At the end of the day, my hardware is not appropriate for SD, it works only through hacks like tiling in A1111. And while that’s fine for my hobby experimenting, I would like other people, or even myself once I finally upgrade my desktop, to be able to recreate my images in better quality, as closely as possible (or even try and create variations).
I already make sure to keep the “PNG info” metadata which lists most parameters, so I assume the main variable left is the RNG source. Are any of the options hardware-independent? If not, are there any extensions which can create a hardware-independed random number source?
If you’re talking about that VAE tiling feature or or Tiled Diffusion or whatever it’s called, I think that it shows up in the text below the image in A1111, and I think that anything that shows up there is also stored in the generated image’s comment metadata.
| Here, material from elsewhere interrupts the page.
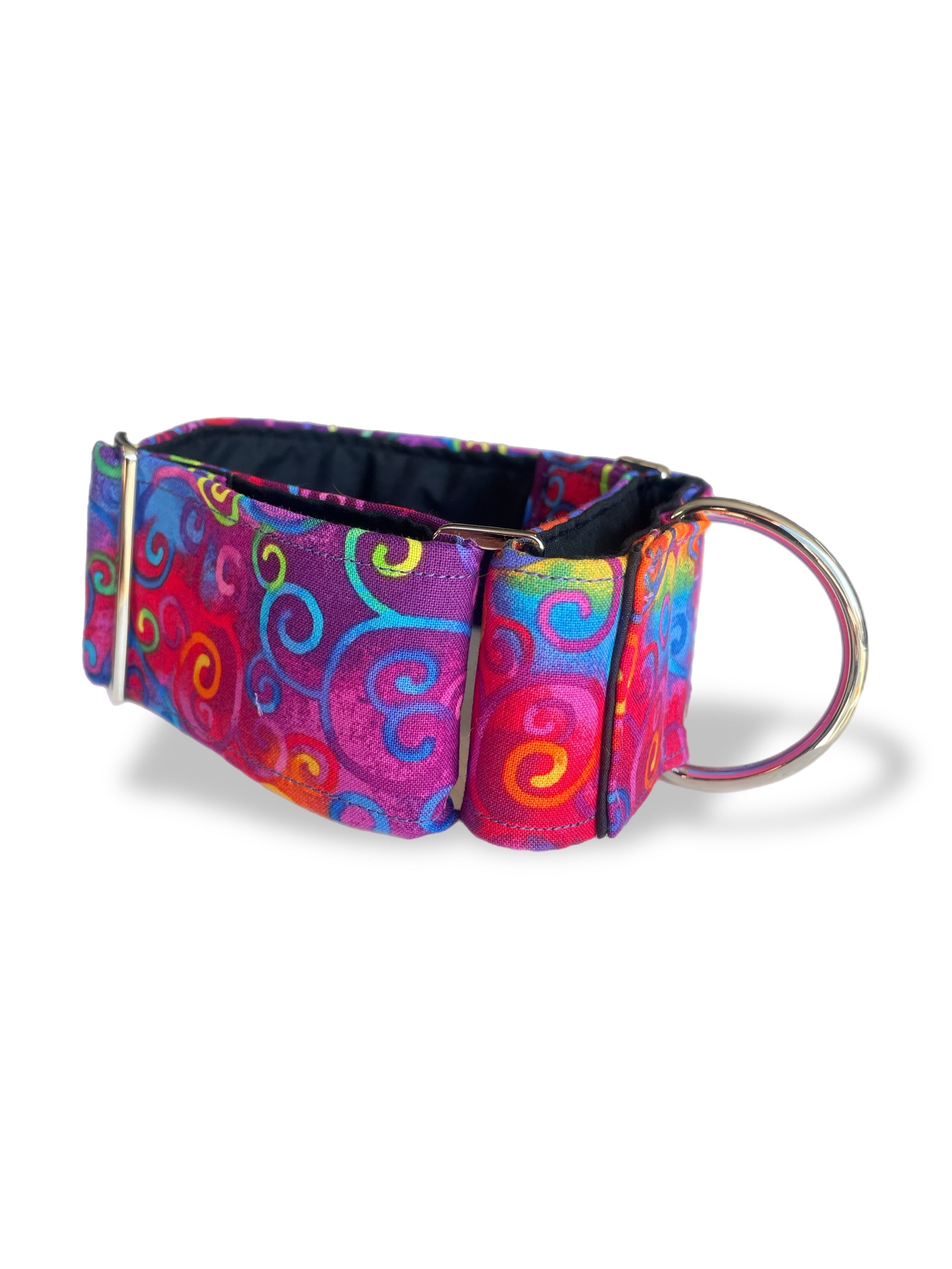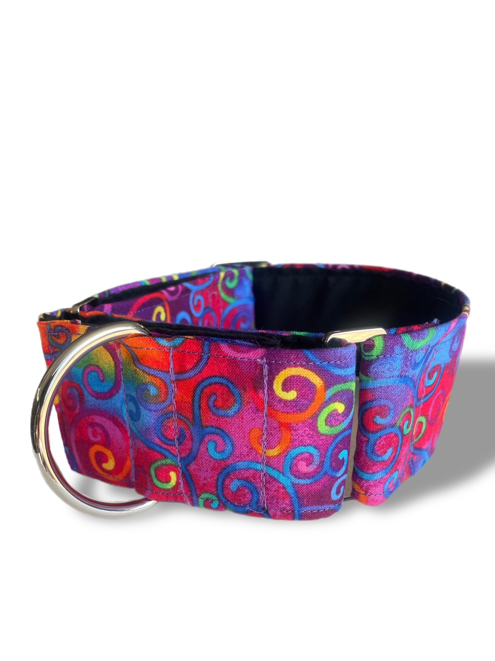 Spiral swirls of color wide Martingale collar cotton covered super soft

I don’t normally use Tiled Diffusion, if that’s what you’re referring to, but let me see if I can go generate something with it and check.
checks
Yeah, text:
Tiled Diffusion: {"Method": "MultiDiffusion", "Tile tile width": 96, "Tile tile height": 96, "Tile Overlap": 48, "Tile batch size": 4},
gets added to the text below the image and to the image metadata.That being said, I don’t know how far I’d trust the image metadata for reproducibility if this is a hard requirement you’re looking for. I have definitely seen various settings that mention that they induce non-deterministic behavior, and I’m not sure that all of those are encoded in the metadata. Also, while the version (and looks like git hash of built version) is encoded, I’m sure that not everyone is using the same version, and I don’t know what compatibility is like across versions.
EDIT: For example, see the “Optimizations” here:
https://github.com/AUTOMATIC1111/stable-diffusion-webui/wiki/Optimizations
You have a bunch of A1111 command-line optimizations options that have descriptions like:
And those are not encoded in the image metadata, and that’ll make a given output non-reproducible.